For someone with celiac disease or gluten intolerance, eating well can be a struggle. And even today, with many gluten-free products on the grocery store shelves, a crusty baguette might seem only a far-off dream.
In his second volume on gluten-free cooking, Landolphi not only shortens the time it takes to prepare a satisfying variety of gluten-free foods; but offers recipes for hard-to-find homemade favorites such as crepes, corn dogs, pizza crust, Thanksgiving stuffing and, yes, a rosemary-garlic baguette.
Landolphi is culinary operations manager at the University of Connecticut in Storrs, where he has helped build a state-of-the art gluten-free menu for its students and faculty. He is a recognized national expert on gluten-free cuisine and knows what it means to live a gluten-free life.
In the late 1990s, Landolphi’s wife Angela was diagnosed with celiac disease -- an ailment that for years had brought her misery in many forms: headaches, hair loss, joint pain, fatigue, and nearly a decade of heart-breaking infertility.
Celiac disease is an immune system disorder triggered by the presence of gluten in the digestive tract. It causes the tiny villi in the intestine to lose their ability to absorb nutrients, leading to a variety of symptoms associated with malnutrition. The disorder affects an estimated three million Americans; and experts suspect that gluten intolerance unrelated to celiac disease affects ten times that number. There is no cure, per se, but a gluten-free diet can bring a dramatic turn-around in the sufferer’s health.

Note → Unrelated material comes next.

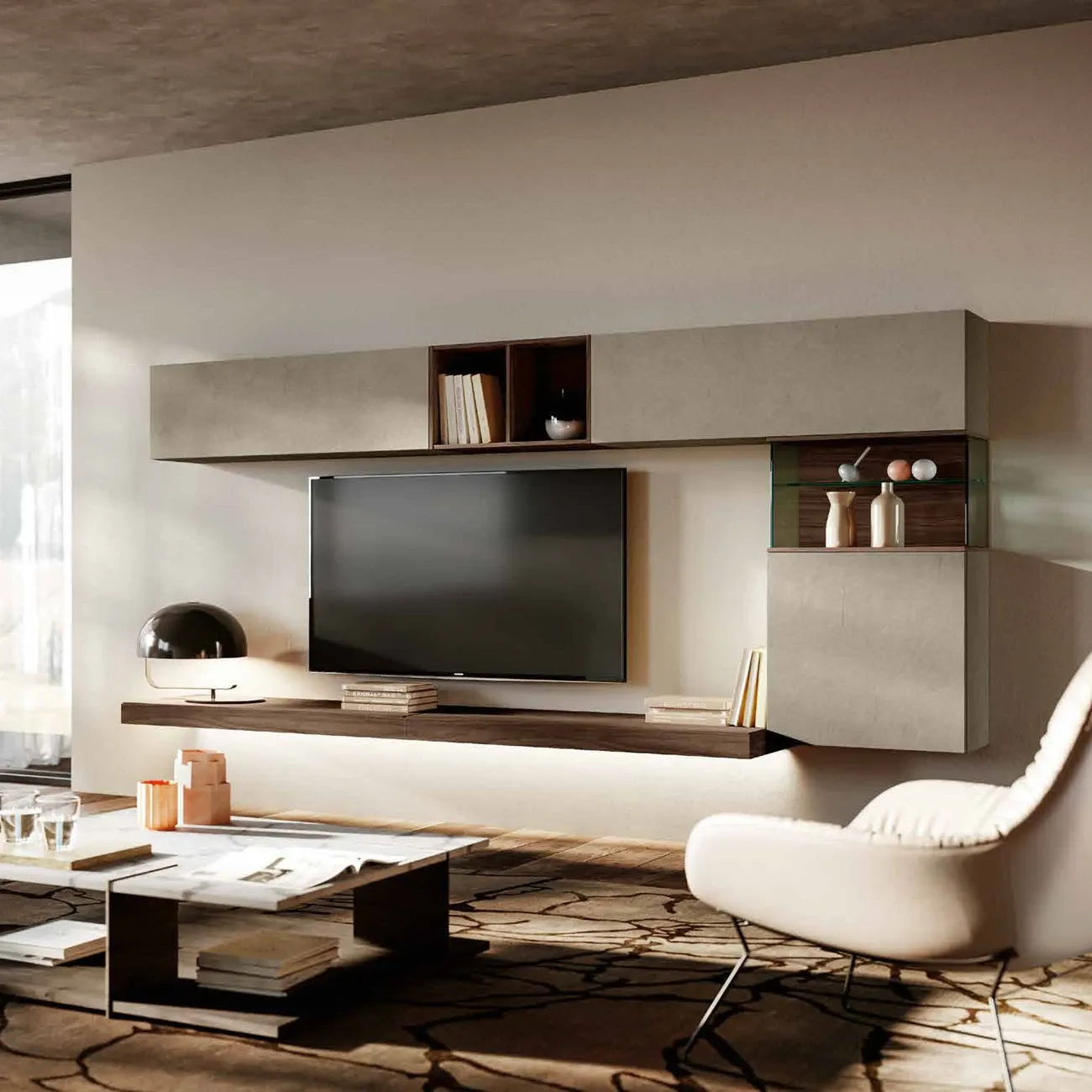 Il gioco di volumi creato da pensili, mensola e teca assicura un arredo unico ed elegante, che ben si adatta a tutti i contesti moderni.

The diagnosis was a revelation to the Landolphis and the beginning of a gluten-free lifestyle that restored Angela’s health and brought the couple the three young sons they have today. They reluctantly sold The Sugar Shack -- their popular bakery café near the UConn campus – and Rob began his “personal mission” to perfect a collection of gluten-free recipes of the highest standard.
Quick-Fix Gluten Free, available as of Aug. 23, offers more than 100 dishes– none of which take more than 30 minutes of preparation time. (Some leavened baked goods need time to rise or bake, of course.) Landolphi starts with breakfast and works has way through eight other categories of food, including appetizers, salads, international items, battered and fried dishes, breads and sweets.
Most of the recipes were inspired by the fans of his first, the Gluten-Free Every Day Cookbook, written in 2009. (It, like Quick Fix, is published by Andrews McMeel Publishing.) They told him of the foods they had been missing since starting their gluten-free lives. They also told him how grateful they were that his recipes and lessons could restore their ability to eat like their gluten-using counterparts.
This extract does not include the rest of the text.